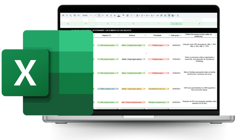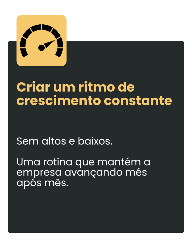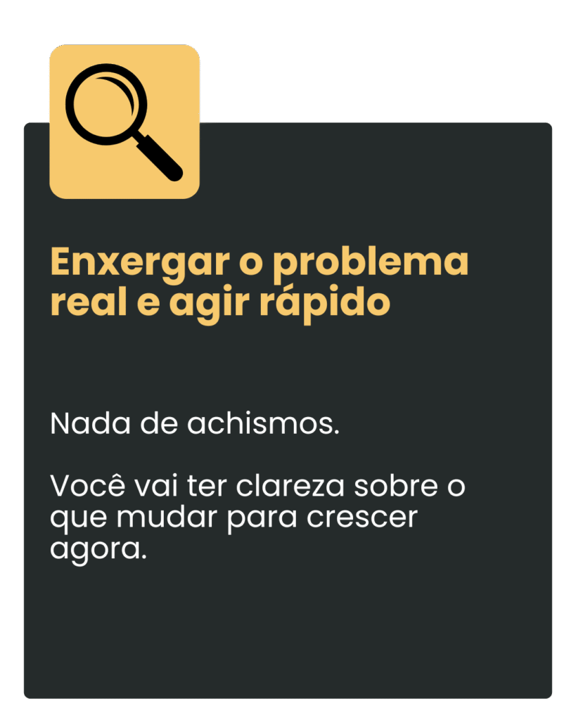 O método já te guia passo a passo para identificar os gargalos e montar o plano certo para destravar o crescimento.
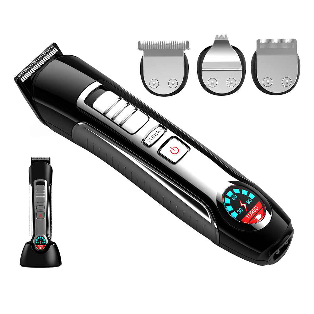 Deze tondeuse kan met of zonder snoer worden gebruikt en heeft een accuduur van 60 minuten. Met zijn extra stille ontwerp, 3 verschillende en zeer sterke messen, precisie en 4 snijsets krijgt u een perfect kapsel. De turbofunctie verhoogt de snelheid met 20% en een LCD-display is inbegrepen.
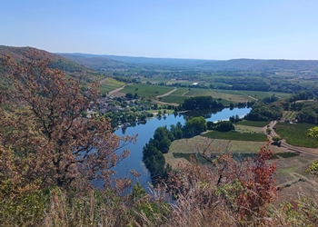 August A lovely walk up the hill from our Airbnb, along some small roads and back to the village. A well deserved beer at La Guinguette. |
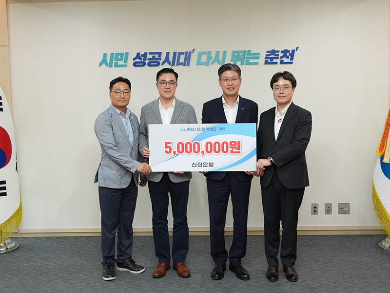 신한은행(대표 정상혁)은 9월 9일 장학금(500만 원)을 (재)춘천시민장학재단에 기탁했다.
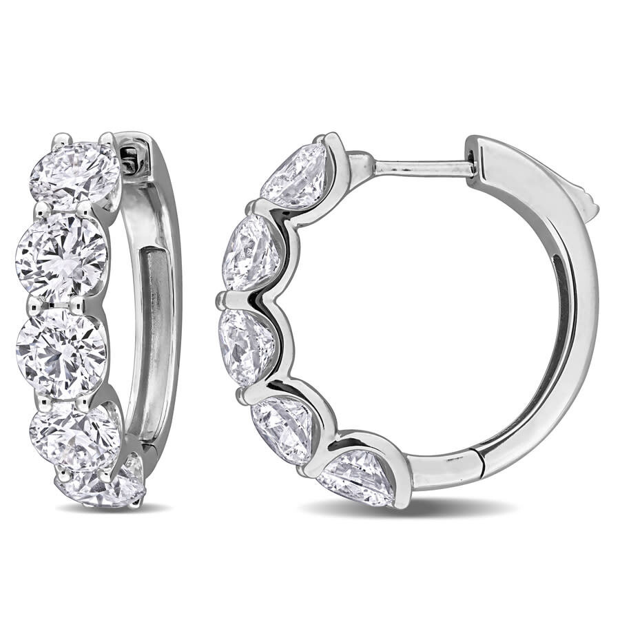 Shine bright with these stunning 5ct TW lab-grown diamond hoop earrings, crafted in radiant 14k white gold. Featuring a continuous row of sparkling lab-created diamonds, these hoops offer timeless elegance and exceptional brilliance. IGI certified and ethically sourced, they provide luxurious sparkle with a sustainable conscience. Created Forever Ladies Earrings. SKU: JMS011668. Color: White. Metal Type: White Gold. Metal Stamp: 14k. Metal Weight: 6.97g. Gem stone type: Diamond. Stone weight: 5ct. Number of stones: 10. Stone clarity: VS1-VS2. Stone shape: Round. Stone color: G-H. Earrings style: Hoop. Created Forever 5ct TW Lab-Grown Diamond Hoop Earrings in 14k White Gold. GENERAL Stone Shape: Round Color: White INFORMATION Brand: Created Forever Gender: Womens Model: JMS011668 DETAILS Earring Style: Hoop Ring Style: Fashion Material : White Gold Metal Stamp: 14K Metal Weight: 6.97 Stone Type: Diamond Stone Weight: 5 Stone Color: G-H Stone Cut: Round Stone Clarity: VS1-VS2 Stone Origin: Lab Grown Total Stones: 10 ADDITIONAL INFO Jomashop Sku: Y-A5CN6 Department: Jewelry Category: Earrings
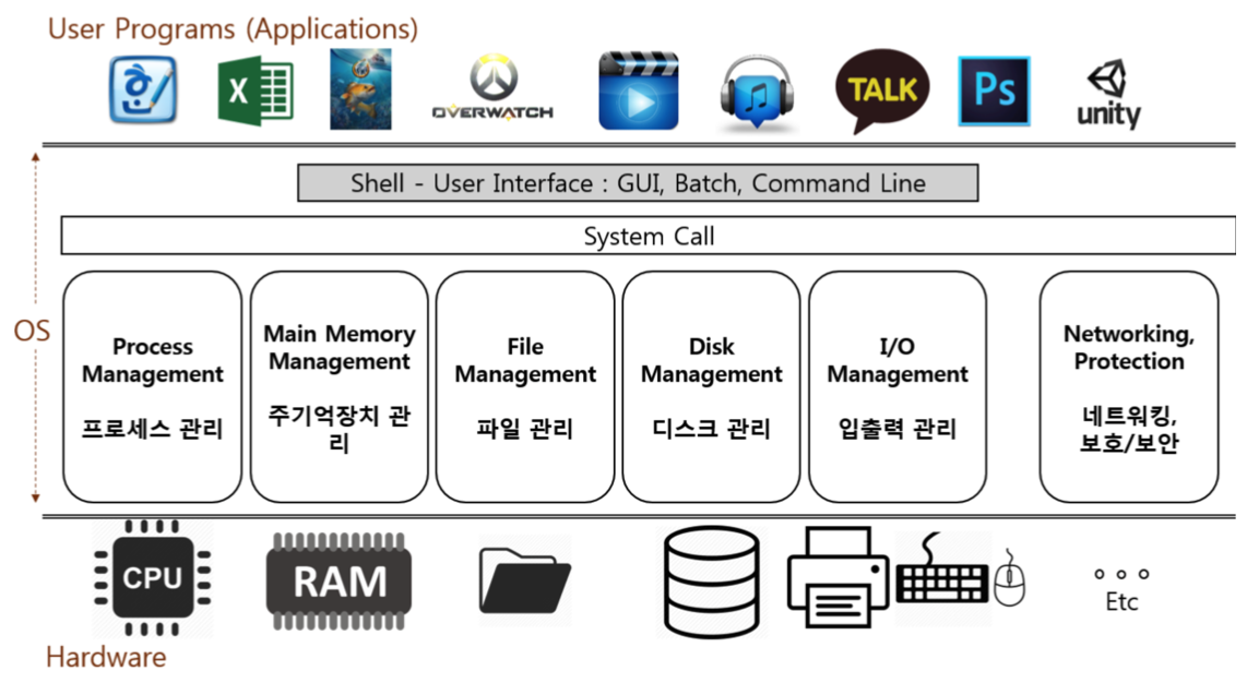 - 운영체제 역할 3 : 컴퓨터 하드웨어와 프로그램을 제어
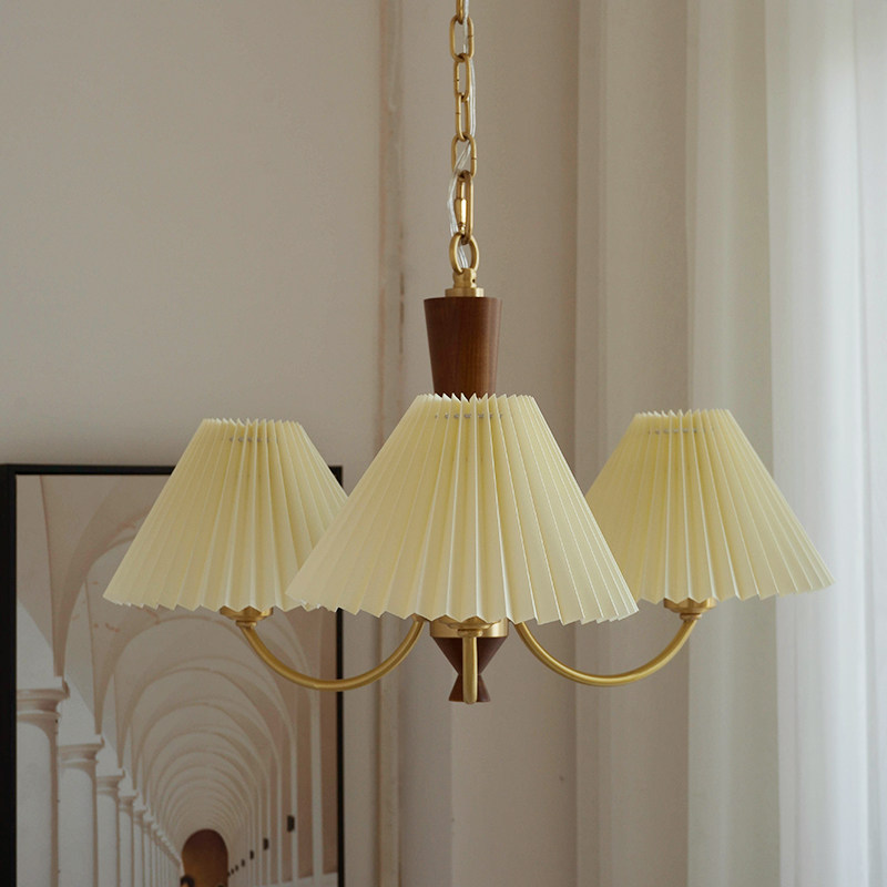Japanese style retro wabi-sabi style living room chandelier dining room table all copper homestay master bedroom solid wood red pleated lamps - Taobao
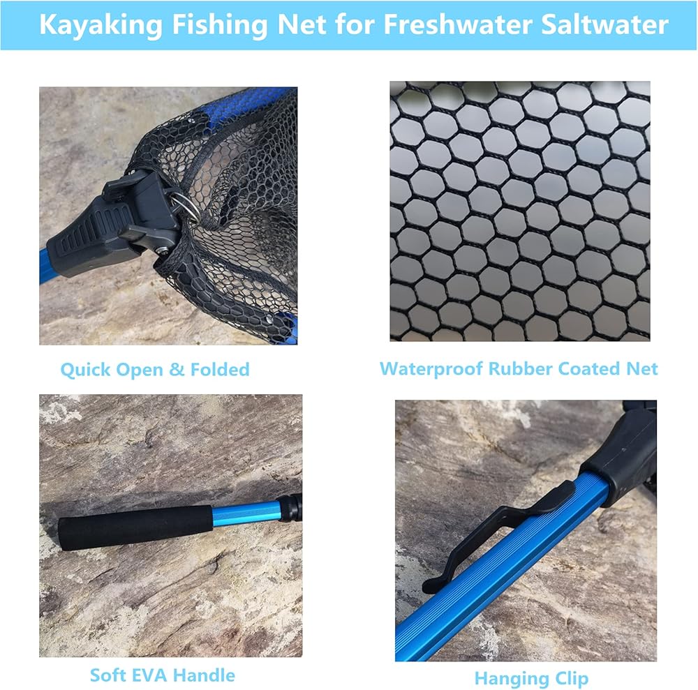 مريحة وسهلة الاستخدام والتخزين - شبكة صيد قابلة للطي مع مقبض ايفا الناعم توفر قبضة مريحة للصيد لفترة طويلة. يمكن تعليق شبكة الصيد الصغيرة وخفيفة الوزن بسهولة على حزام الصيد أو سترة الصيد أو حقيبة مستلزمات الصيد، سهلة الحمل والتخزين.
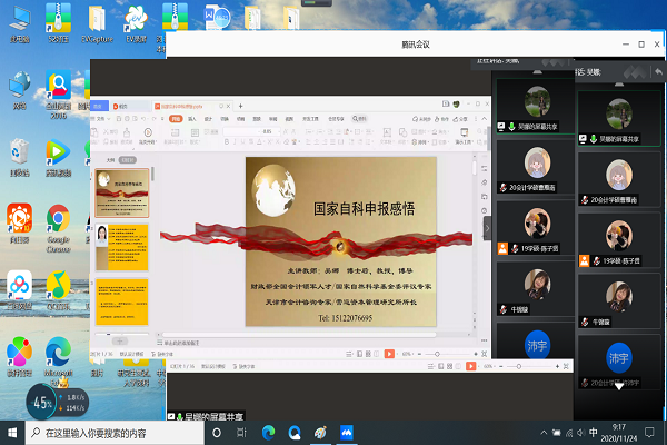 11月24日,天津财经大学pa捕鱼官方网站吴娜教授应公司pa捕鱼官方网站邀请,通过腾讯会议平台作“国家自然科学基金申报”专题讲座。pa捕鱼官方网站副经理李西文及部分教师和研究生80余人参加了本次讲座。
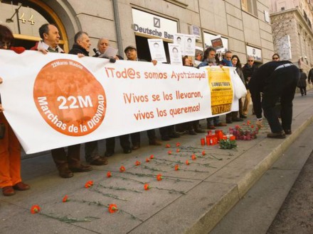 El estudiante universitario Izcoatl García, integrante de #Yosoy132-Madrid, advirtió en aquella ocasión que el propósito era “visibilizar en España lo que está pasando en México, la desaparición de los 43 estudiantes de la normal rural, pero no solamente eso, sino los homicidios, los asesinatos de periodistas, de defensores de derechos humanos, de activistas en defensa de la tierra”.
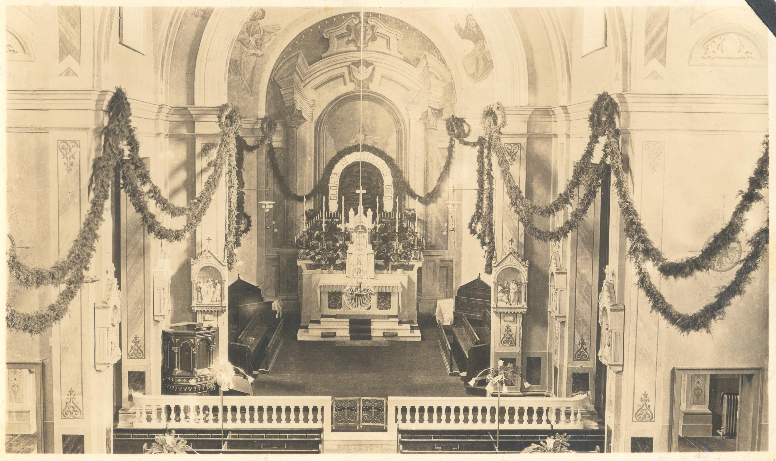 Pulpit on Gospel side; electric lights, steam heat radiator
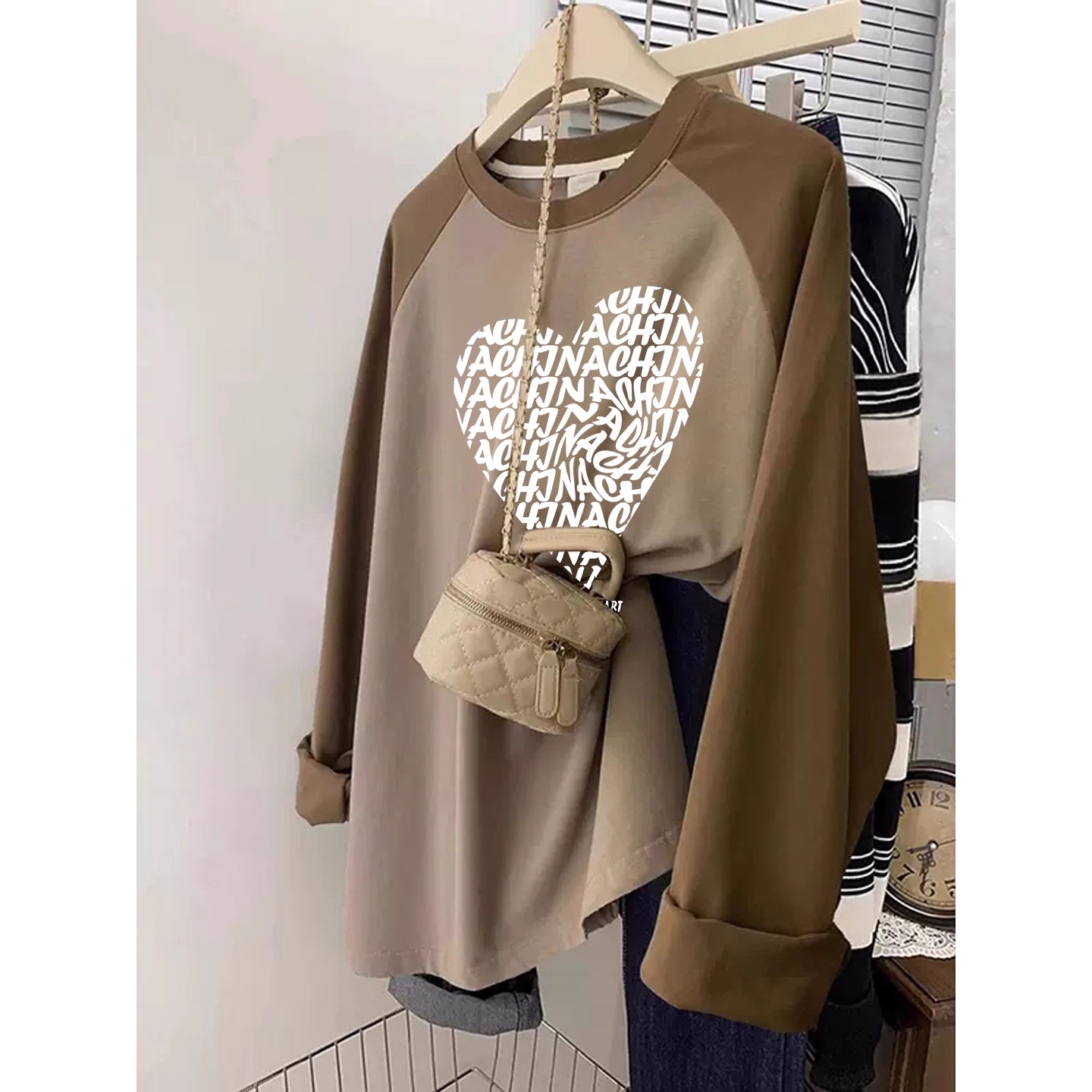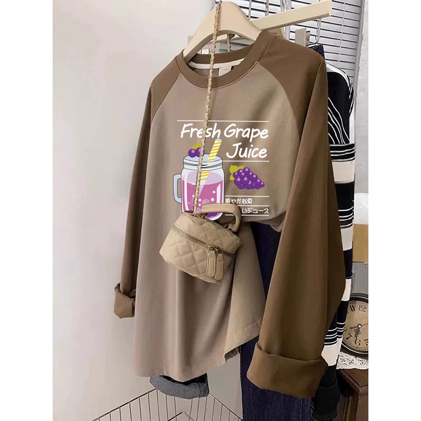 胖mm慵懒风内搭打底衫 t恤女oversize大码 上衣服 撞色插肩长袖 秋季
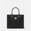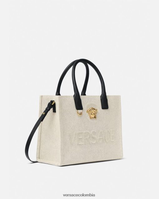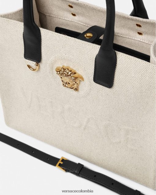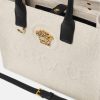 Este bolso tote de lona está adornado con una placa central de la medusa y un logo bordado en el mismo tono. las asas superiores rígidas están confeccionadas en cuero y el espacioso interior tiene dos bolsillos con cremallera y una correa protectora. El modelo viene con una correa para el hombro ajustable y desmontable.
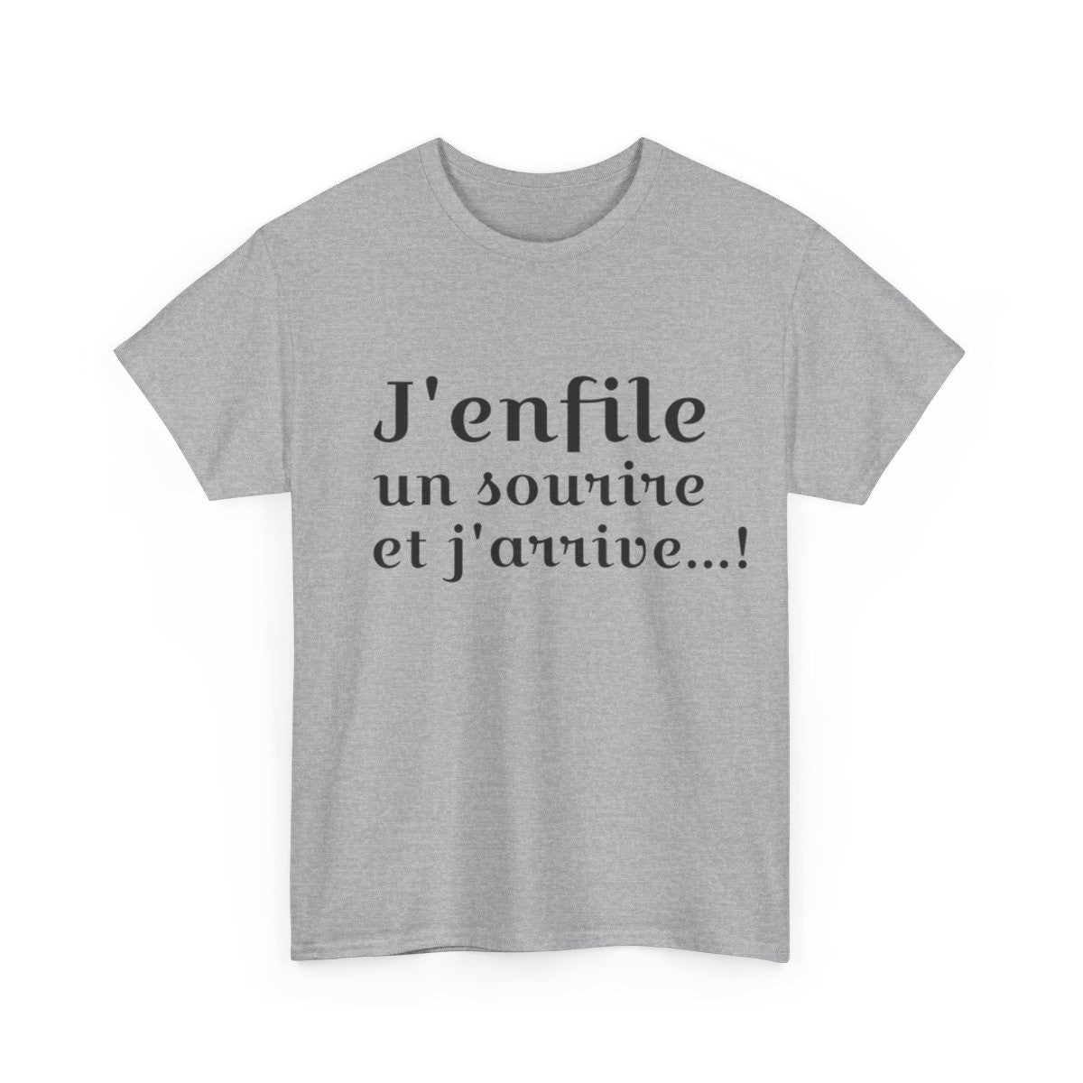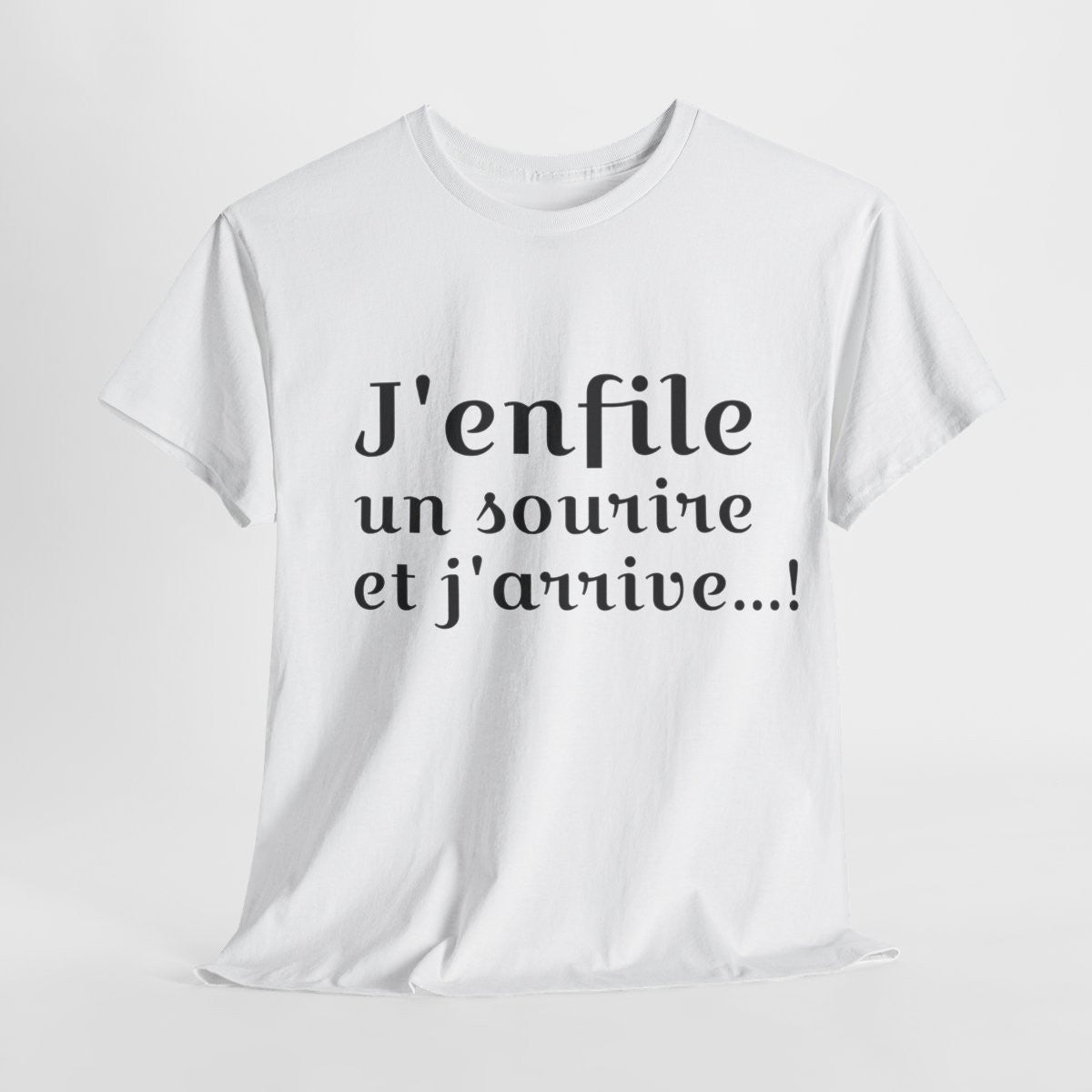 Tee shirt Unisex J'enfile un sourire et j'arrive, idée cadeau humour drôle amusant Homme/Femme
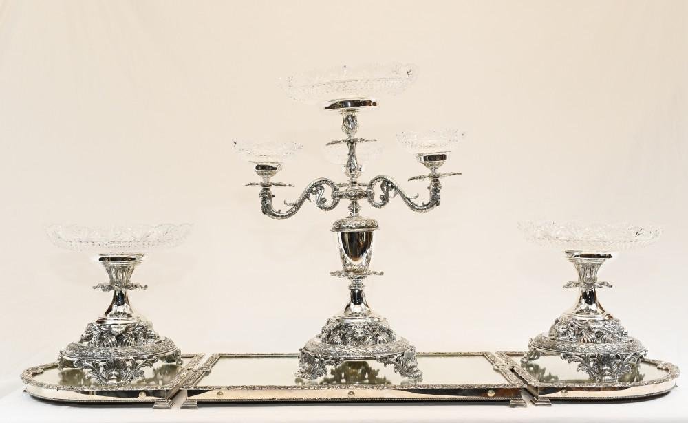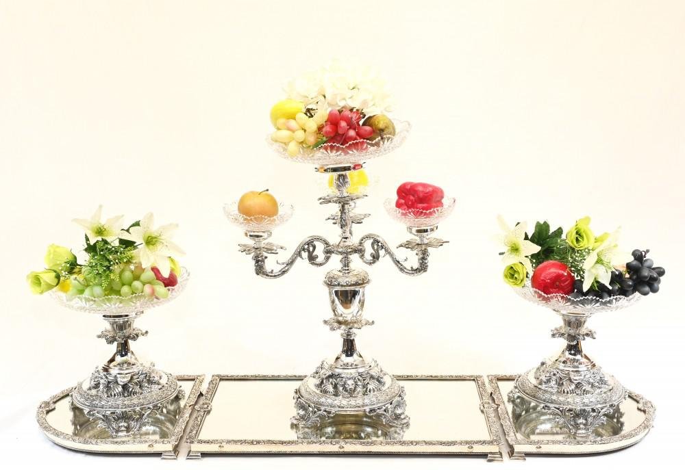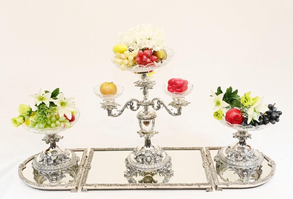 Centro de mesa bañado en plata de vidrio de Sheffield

☆ ☆ ☆ ☆ ☆ ☆ ☆

= EXERCISE BRIEF =
Leaving all pictures out, output exactly the lines of the material above from the line with "- 운영체제 역할 3 : 컴퓨터 하드웨어와 프로그램을 제어" to the line with "11月24日,天津财经大学p", both included.

= ANSWER TO THE EXERCISE =
 - 운영체제 역할 3 : 컴퓨터 하드웨어와 프로그램을 제어
Japanese style retro wabi-sabi style living room chandelier dining room table all copper homestay master bedroom solid wood red pleated lamps - Taobao
 مريحة وسهلة الاستخدام والتخزين - شبكة صيد قابلة للطي مع مقبض ايفا الناعم توفر قبضة مريحة للصيد لفترة طويلة. يمكن تعليق شبكة الصيد الصغيرة وخفيفة الوزن بسهولة على حزام الصيد أو سترة الصيد أو حقيبة مستلزمات الصيد، سهلة الحمل والتخزين.
 11月24日,天津财经大学pa捕鱼官方网站吴娜教授应公司pa捕鱼官方网站邀请,通过腾讯会议平台作“国家自然科学基金申报”专题讲座。pa捕鱼官方网站副经理李西文及部分教师和研究生80余人参加了本次讲座。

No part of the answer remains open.